New evidence for covalent coupling of peptides to humic acids based on 2D NMR spectroscopy: A means for preservation

Nitrogen immobilization in soils and sediments involving the preservation of peptides is an important yet not well-understood process. Several hypotheses have been proposed for the preservation of peptides in these systems; however, to date, there is no direct molecular-level evidence for any one of several hypotheses. In this study, a synthesized peptide with ¹⁵N-labeled amino acid residues was utilized to examine the mechanism by which humic substances from a peat might chemically interact with peptides to induce preservation. Two-dimensional ¹⁵N-¹H HSQC NMR experiments were performed to evaluate the bonding and nonbonding interactions between ¹⁵N-labeled peptide and an Everglades peat humic acid. The observed changes in cross peaks provide the first direct spectroscopic evidence for what we believe to be covalent binding between these substances. Noncovalent interactions between the ¹⁵N-labeled peptides and humic acid molecules are also observed in the spectra. Quinone structures in humic acids are suggested to be the important reactive groups, based on reaction of the labeled peptide with a model quinone which shows similar nitrogen-proton correlated peak patterns as is observed in the HSQC NMR spectra of humic acids reacted with the peptide. The Michael reaction with quinone structures is proposed, and this type of reaction provides a mechanism that is consistent with previous observation for the chemistry of sedimentary nitrogen species.     

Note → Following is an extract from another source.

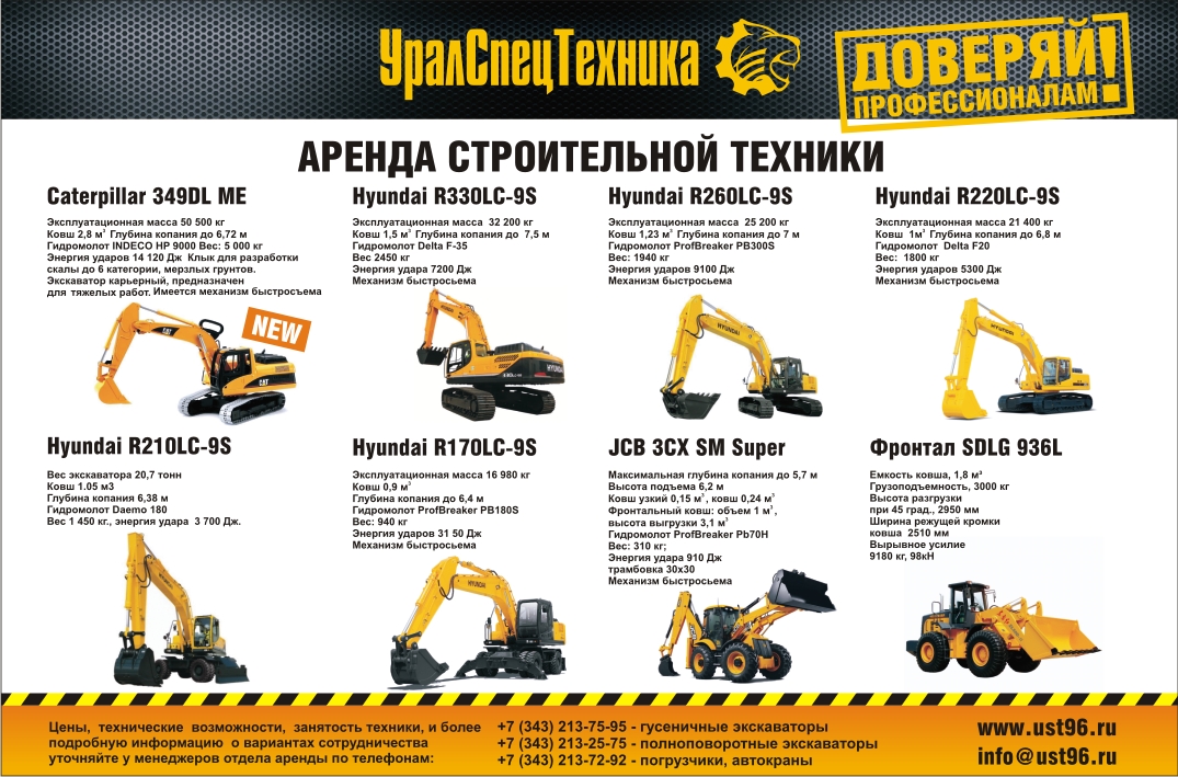 Особого внимания заслуживает предложение компании «УралСпецТехника», которая уже около 7 лет специализируется на предоставлении в аренду строительной техники и механизмов. Предприятие обладает солидным парком различных механизмов . В ее активе – 24 единицы техники, в том числе 8 гусеничных экскаваторов. Ориентируясь на запросы девелоперов, предприятие готово предложить своим постоянным и новым клиентам особые условия сотрудничества. Компания предоставляет в аренду спецтехнику по взаимозачету, в обмен на коммерческую или жилую недвижимость. Кроме того, по договору взаимозачета возможно предоставление тяжелой карьерной техники в обмен на инертные материалы.

Humic acids from particulate organic matter in the Saguenay Fjord and the St. Lawrence Estuary investigated by advanced solid-state NMR

Detailed structural information on two humic acids extracted from two sinking particulate matter samples at a water depth of 20 m in the Saguenay Fjord (F-20-HA) and the St. Lawrence Estuary (E-20-HA) (Canada), was obtained by advanced solid-state NMR. Spectral-editing analyses provided numerous structural details rarely reported in geochemical studies. The NMR data account almost quantitatively for the elemental compositions. The two humic acids were found to be quite similar, consisting of four main structural components: peptides (ca. 39 ± 3% vs. 34 ± 3% of all C for E-20-HA and F-20-HA, respectively); aliphatic chains, 14-20 carbons long (ca. 25 ± 5% vs. 17 ± 5% of all C); aromatic structures (ca. 17 ± 2% vs. 26 ± 2% of all C); and sugar rings (14 ± 2% vs. 15 ± 2% of all C). Peptides were identified by ¹³C{¹⁴N} SPIDER NMR, which selects signals of carbons bonded to nitrogen, and by dipolar DEPT, which selects CH-group signals, in particular the NCH band of peptides. The SPIDER spectra also indicate that heterocycles constitute a significant fraction of the aromatic structures. The aliphatic (CH₂)_n chains, which are highly mobile, contain at least one double bond per two chains and end in methyl groups. ¹H spin diffusion NMR experiments showed that these mobile aliphatic chains are in close (<10 nm) proximity to the other structural components. A major bacterial contribution to these two samples could explain why the samples, which have different dominant organic matter sources (terrestrial vs. marine), are similar to each other as well as to degraded algae and particles from other waters. The NMR data suggest structures containing mobile lipids in close proximity to peptides and carbohydrates (e.g., peptidoglycan) as found in bacterial cell walls. Measured yields of muramic acid and d-amino acids confirmed the presence of bacterial cell wall components in the studied samples.